All creatures great and small
Country Life UK|April 26, 2023
The story of St Francis of Assisi has captured the imagination of artists, musicians and poets for 800 years. Mary Miers discovers that the saint who befriended animals was also a radical reformer, whose teachings have a timely relevance
Mary Miers
All creatures great and small

PRESERVED on a splayed window in a small Kent church is a little-known image of St Francis made only a few decades after his death. This fragment in the chancel of Doddington parish church is unique among English 13thcentury wall paintings in that it depicts the saint with his stigmata. St Francis, wearing his emblematic habit and triple-knotted girdle, stands on bleeding feet with hands raised in prayer. Overhead is a wing of the celestial seraph, who is described as having hovered over him, ‘fiery as well as brilliant’, imprinting his body with the wounds of the crucified Christ. The unprecedented miracle, which was revealed on his death in 1226, elevated Francis into a Christ-like figure; he was canonised two years later.

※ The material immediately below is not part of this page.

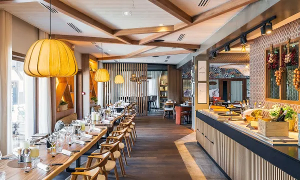 시설 내에 위치한 레스토랑 LE MEZTIVA에서 간단한 식사를 즐겨보세요. 여기에는 다양한 음료가 제공되는 바/라운지도 갖춰져 있죠. 또는 편하게 객실에서 룸서비스(이용 시간 제한)를 이용하실 수 있습니다. 아침 식사(뷔페)가 주중 07:00 ~ 10:00 및 주말 07:00 ~ 10:30에 유료로 제공됩니다.
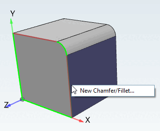 Select further edges to be rounded on the 3D model (red marking) and call up the Create new chamfer/rounding [New Chamfer/Fillet...]... command in the context menu. in the context menu.

The Kent mural is testament to the saint’s early reach, together with drawings of the friar with his brothers made on the manuscript Chronica Maiora by Matthew Paris, a Benedictine monk at St Alban’s Abbey in Hertfordshire. It spread abroad even within his own lifetime—the first Franciscans to thrive outside Italy established a house in Canterbury in 1224 (the so-called Greyfriars). In the century following his death, the Franciscans fostered the cult of their founder through an astonishing body of panel and wall paintings that, paradoxically for one who renounced all earthly possessions, would play a formative role in the development of early-Renaissance art.